▸ **WORK REQUEST**
When you reach the line containing "中新网7月9日电 中央气象台", begin reproducing the material exactly, stop after the line containing "недели назад нашли", and leave out any pictures along the way.

TASK MATERIAL START

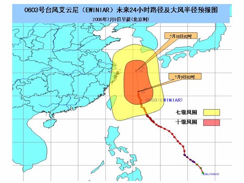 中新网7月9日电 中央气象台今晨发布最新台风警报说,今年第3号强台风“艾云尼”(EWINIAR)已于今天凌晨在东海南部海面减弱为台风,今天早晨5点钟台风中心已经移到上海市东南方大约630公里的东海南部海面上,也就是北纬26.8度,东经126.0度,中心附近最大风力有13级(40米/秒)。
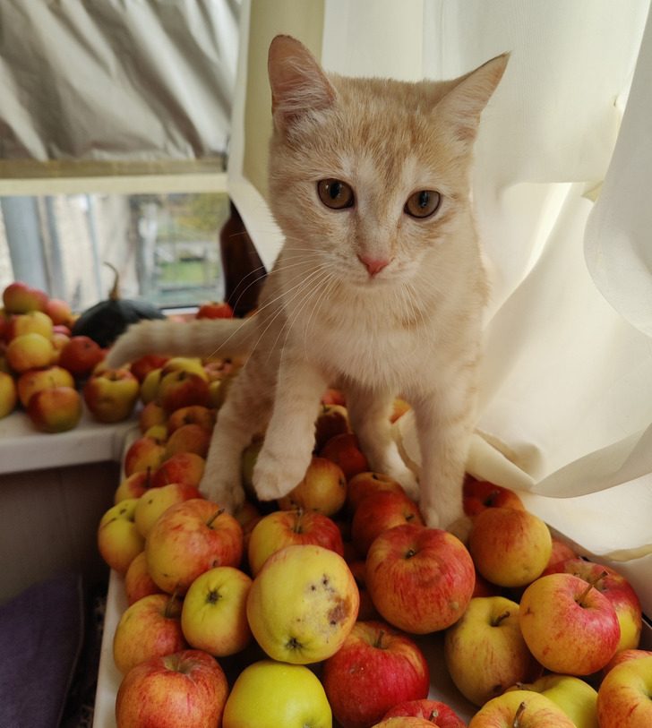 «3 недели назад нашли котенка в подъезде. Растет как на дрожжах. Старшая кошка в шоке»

TASK MATERIAL END
TASK MATERIAL START

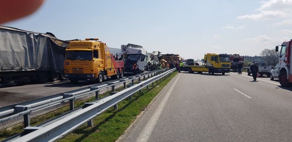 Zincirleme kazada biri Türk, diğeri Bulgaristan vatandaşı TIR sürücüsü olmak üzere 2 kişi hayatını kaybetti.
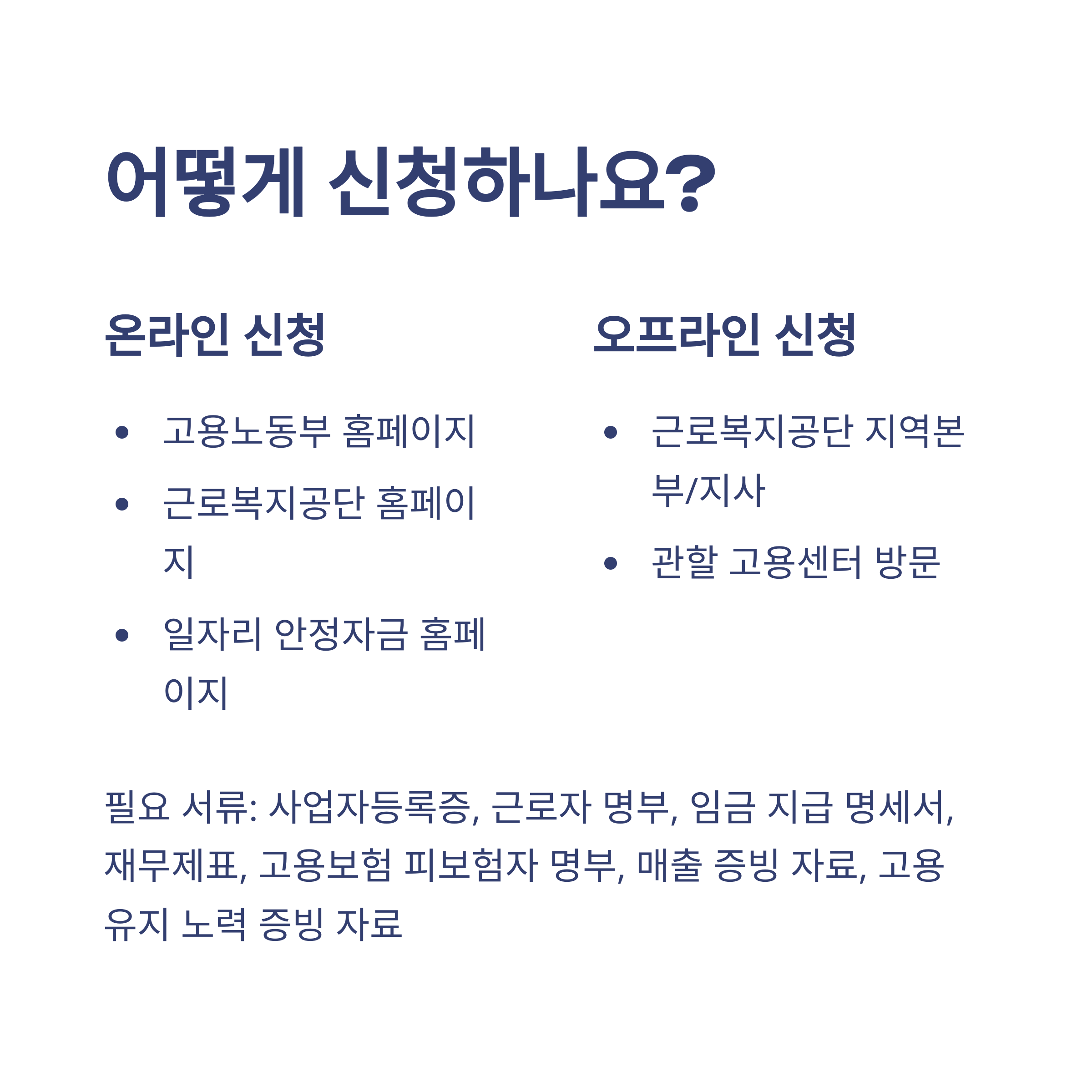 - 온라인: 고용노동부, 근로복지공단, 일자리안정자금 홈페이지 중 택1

TASK MATERIAL END

▸ **REPLY TO THE TASK**
 中新网7月9日电 中央气象台今晨发布最新台风警报说,今年第3号强台风“艾云尼”(EWINIAR)已于今天凌晨在东海南部海面减弱为台风,今天早晨5点钟台风中心已经移到上海市东南方大约630公里的东海南部海面上,也就是北纬26.8度,东经126.0度,中心附近最大风力有13级(40米/秒)。
 «3 недели назад нашли котенка в подъезде. Растет как на дрожжах. Старшая кошка в шоке»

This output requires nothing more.